Я прекрасно знаю, сколь редки такие вдохновенные несчастливцы, и это на первый взгляд опровергает все здесь написанное. Разумеется, набросанный мною портрет подобных божественных натур весьма несовершенен и воспроизводит лишь отдельные черты великих людей прошлого. Мне возразят, что симптомы гениальности либо предвозвещают бесплодие, либо влекут за собой выкидыш;
что не из каждого юного мечтателя обязательно вырастает Поэт; что опыт еще не доказательство и несколько удачных стихов не дают автору никаких прав. Но что нам об этом известно?

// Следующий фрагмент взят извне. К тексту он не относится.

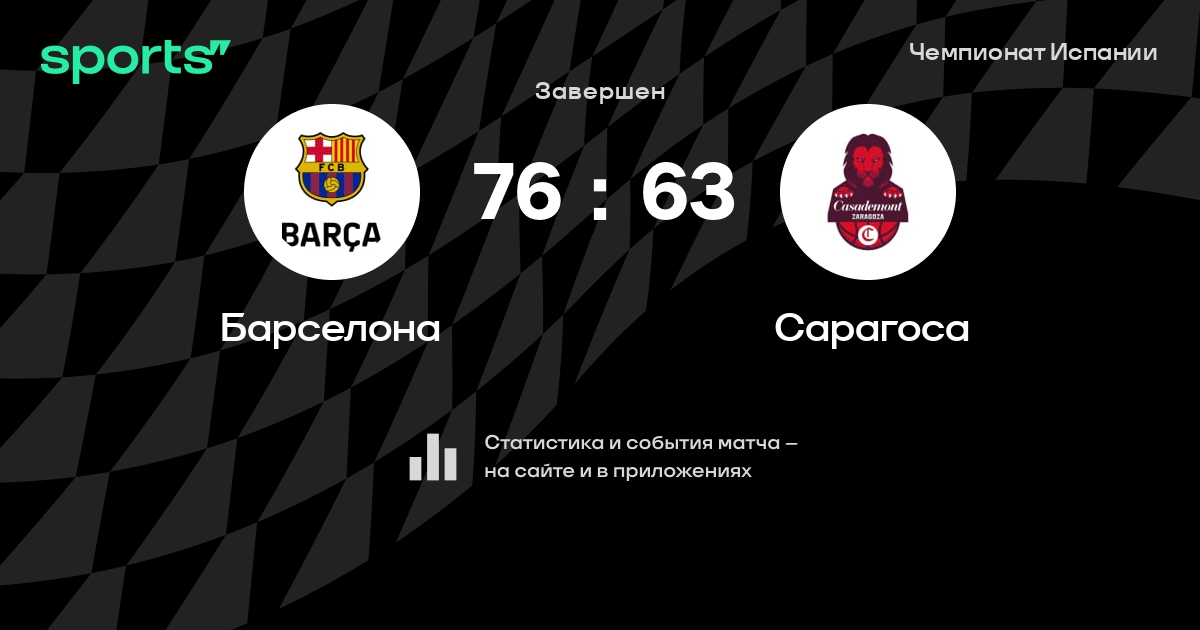 В прошедшем матче в рамках турнира Чемпионат Испании состоялась встреча команд Барселона - Сарагоса в городе Барселона (Испания) на стадионе Палау Блауграна (вместимость - 7585)

Кто дает нам право губить желудь, предполагая, что из него не вырастет дуб?
Я заявляю, что нескольких строк вполне довольно, чтобы еще при жизни разглядеть Поэта, если, конечно, мы умеем смотреть. Кто не клянется ныне, что он назначил бы по меньшей мере пожизненную пенсию Андре Шенье за одну только оду «Молодая узница» и признал бы его поэтом за тридцать строк «Юной тарентинки»? Но я убежден, что при его жизни (то есть совсем еще недавно) так не думали. Недаром он восклицает:
«Когда меня глупцы презрением доймут,
В могиле я, бедняк, смогу найти приют».
Жан Лафонтен с беззаботностью отчаяния велел заранее высечь на своем надгробии:
«Нагим из мира Жан ушел сего,
Проев именье и доход с него».
Но что бы он делал без этого «именья»? На что, с вашего позволения, был годен? На одно: спать и бездельничать. Он неминуемо умер бы с голоду.

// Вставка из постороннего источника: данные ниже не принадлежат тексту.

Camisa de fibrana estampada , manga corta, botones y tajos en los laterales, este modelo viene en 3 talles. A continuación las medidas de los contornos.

Скажем прямо: прекрасные стихи — товар, который не по сердцу толпе. Но вознаграждение за труд определяет именно она, а даже у великих народов вкус толпы пошл, она любит пошлость. Возвысить ее над пошлостью может лишь медленное воспитание, которое ей дают избранные умы, а тем временем она втаптывает во прах нарождающиеся таланты, даже не слыша издаваемых ими воплей отчаяния.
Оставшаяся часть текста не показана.